Following the launch of the Heat Networks (Metering & Billing) Regulations 2014, landlords who supply heat to their tenants have new legal duties as heat suppliers. The practical implications for some of these duties have been in a state of flux over recent months as published feasibility mechanisms for heat metering solutions have been withdrawn for reappraisal. Meanwhile some compliance dates associated to the new regulations have passed and others creep closer; with a substantial proportion of managing agents, developers and landlords risking non-compliance.

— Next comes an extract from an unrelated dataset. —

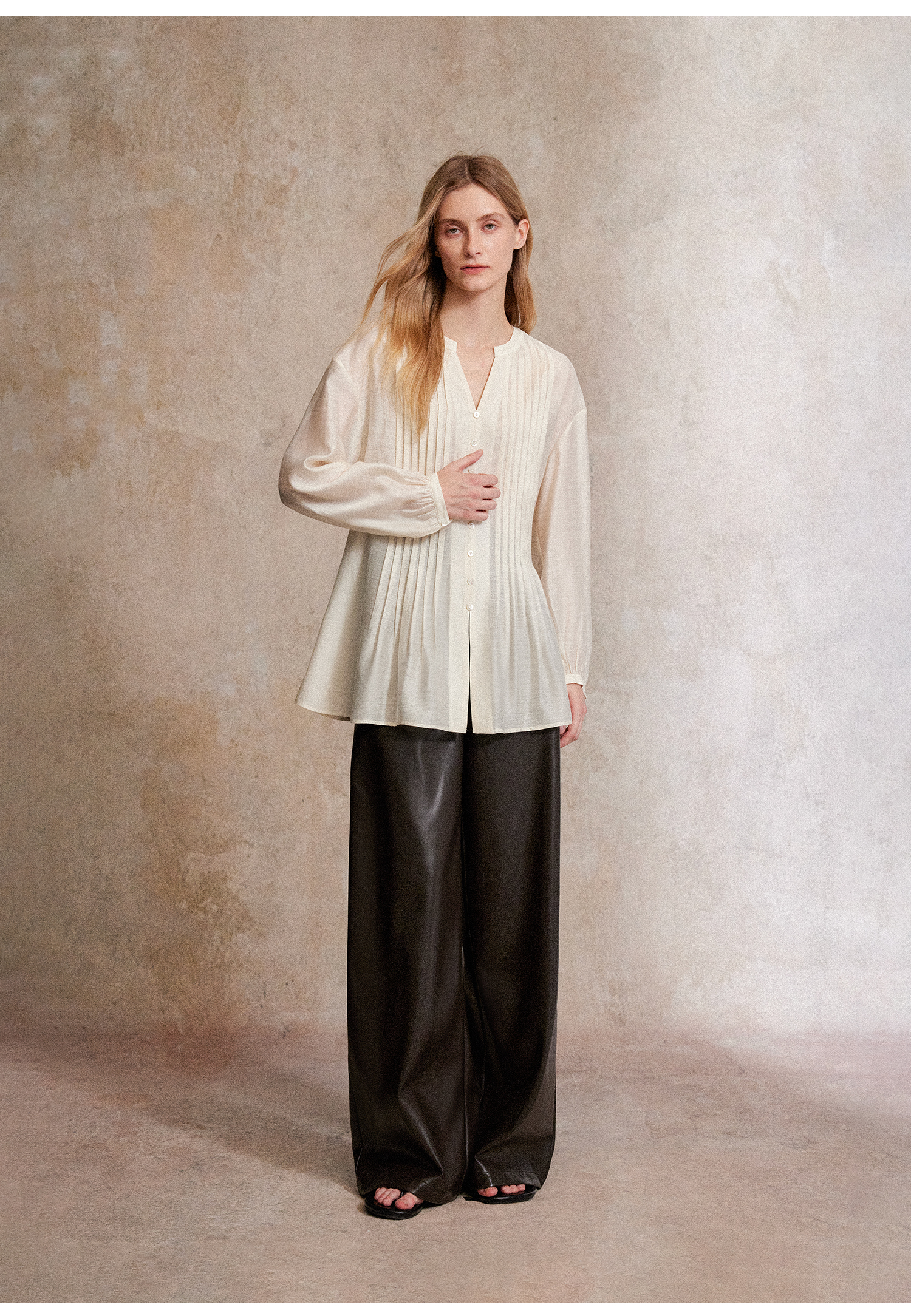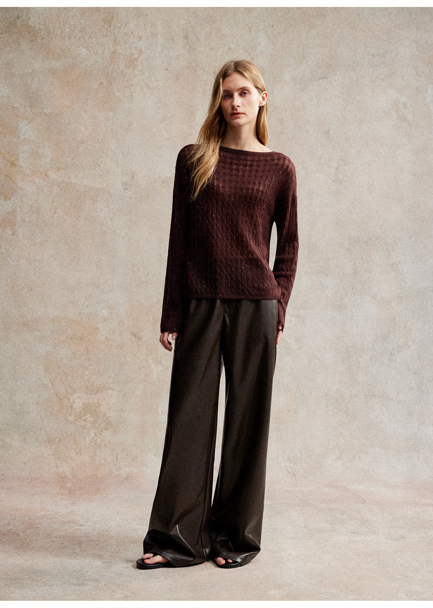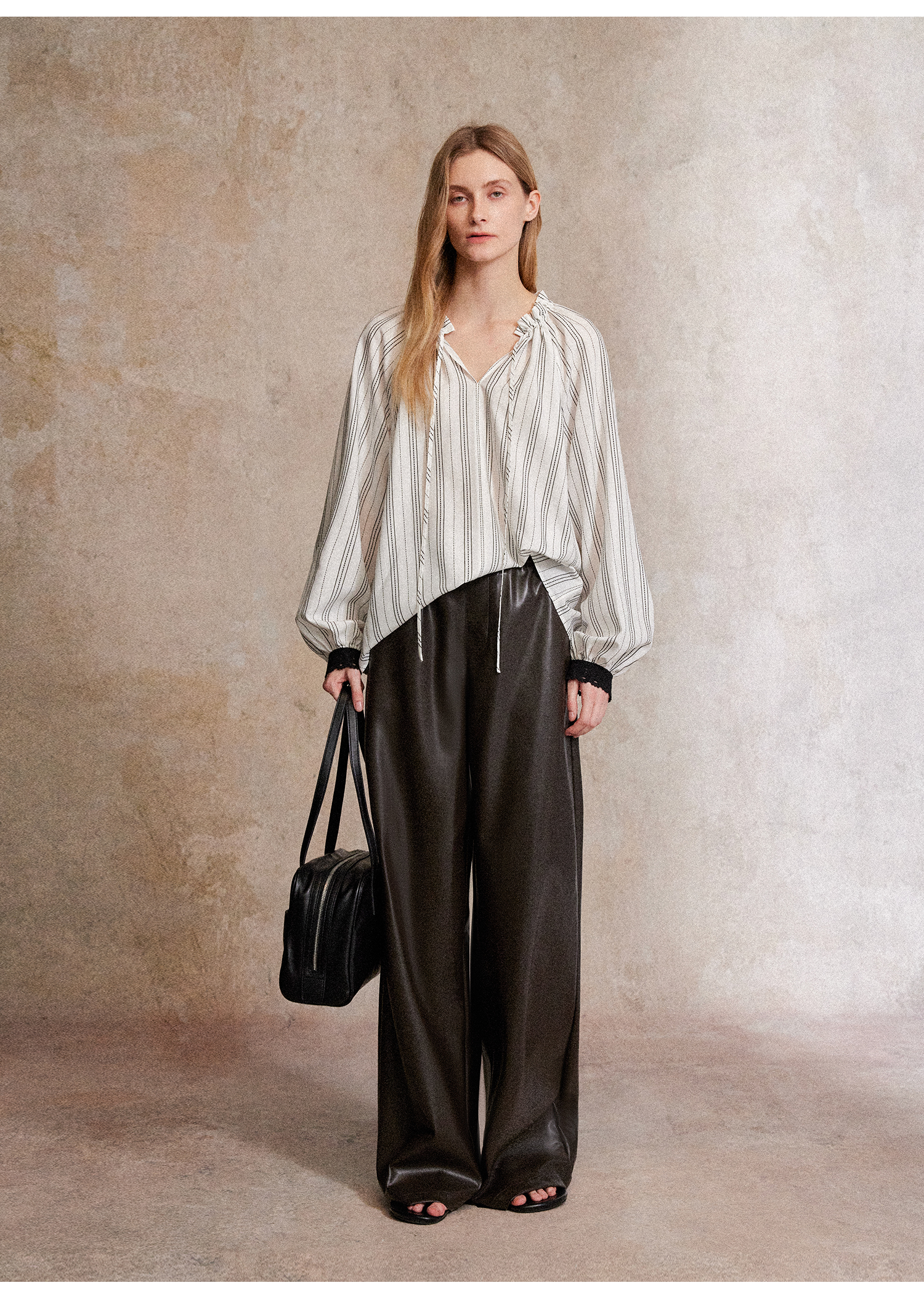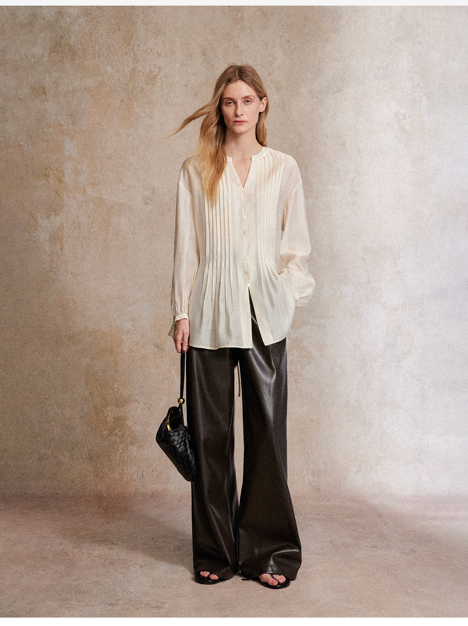 C+IMPRESS/西嘉 酷飒腔调 中性风设计感蛋白皮阔腿裤长款PU皮裤女

In light of the faltering start to the implementation of this aspect of the EU Energy Efficiency Directive, SMS is consulting with customers, industry bodies and the regulator to help organisations put together practical plans for their building portfolios. From these discussions there are a few key points that we are keen to clarify / share:
- The deadline for notifying the Government (National Measurement and Regulation Office) of the existence of a communal or district heating system passed on 31st December 2015
- There is a current legal requirement for any existing heat network (which counter-intuitively includes cooling by chilled water as well as shared supplies for domestic hot water and heating) to be identified and described to the NMRO through their notification process
- Under the legislation, each of these heat networks will require a feasibility assessment to be undertaken to consider the case for heat metering for each tenant area based on a practicality and cost effectiveness test. While a tool and methodology relating to this assessment had been published, it has now been withdrawn pending review
- By our calculations (and assumptions may vary), the declared methodology would typically have classed heat metering as not cost effective unless the individual domestic tenants paid £800 per annum for heat or commercial tenants paid £1600 per annum for heat (& cooling if delivered by chilled water). These circumstances are rare and it is considered that a revised feasibility tool would lead to the mandating of meters in a greater number of circumstances
- Currently the deadline for feasibility assessment stands at 31st December 2016, but without the existence of an approved assessment tool there is no practical way to meet this requirement. News on the release of a revised tool is expected during the early part of the summer, with an expectation that the deadline will be deferred
- Heat metering and billing for new buildings is legally required in some cases (multi-building networks) and highly recommended in others (multi-tenanted buildings). Ensuring these meters and tenant billing strategies are integrated into the development process will avoid potentially costly retrofit projects
While the regulations are the significant driver for organisations seeking to maintain their license to operate, there are regularly other tangible benefits to heat metering on all levels: landlord; tenant; and for wider society. From our experience, the deployment of monitoring systems and transparent billing processes can benefit landlords by shrinking the service charge pot, while ensuring tenants pay for what they use and can hence self-regulate their usage. It is often the case that saving opportunities can also be recognised through this process.
For organisations that need to better understand what impact this legislation will have, SMS are offering free briefings and consultations. We highly recommend that organisations get plans in place as soon as reasonably possible, so that changes to tenant billing, heat metering systems and official notifications can be managed to ensure continuous compliance.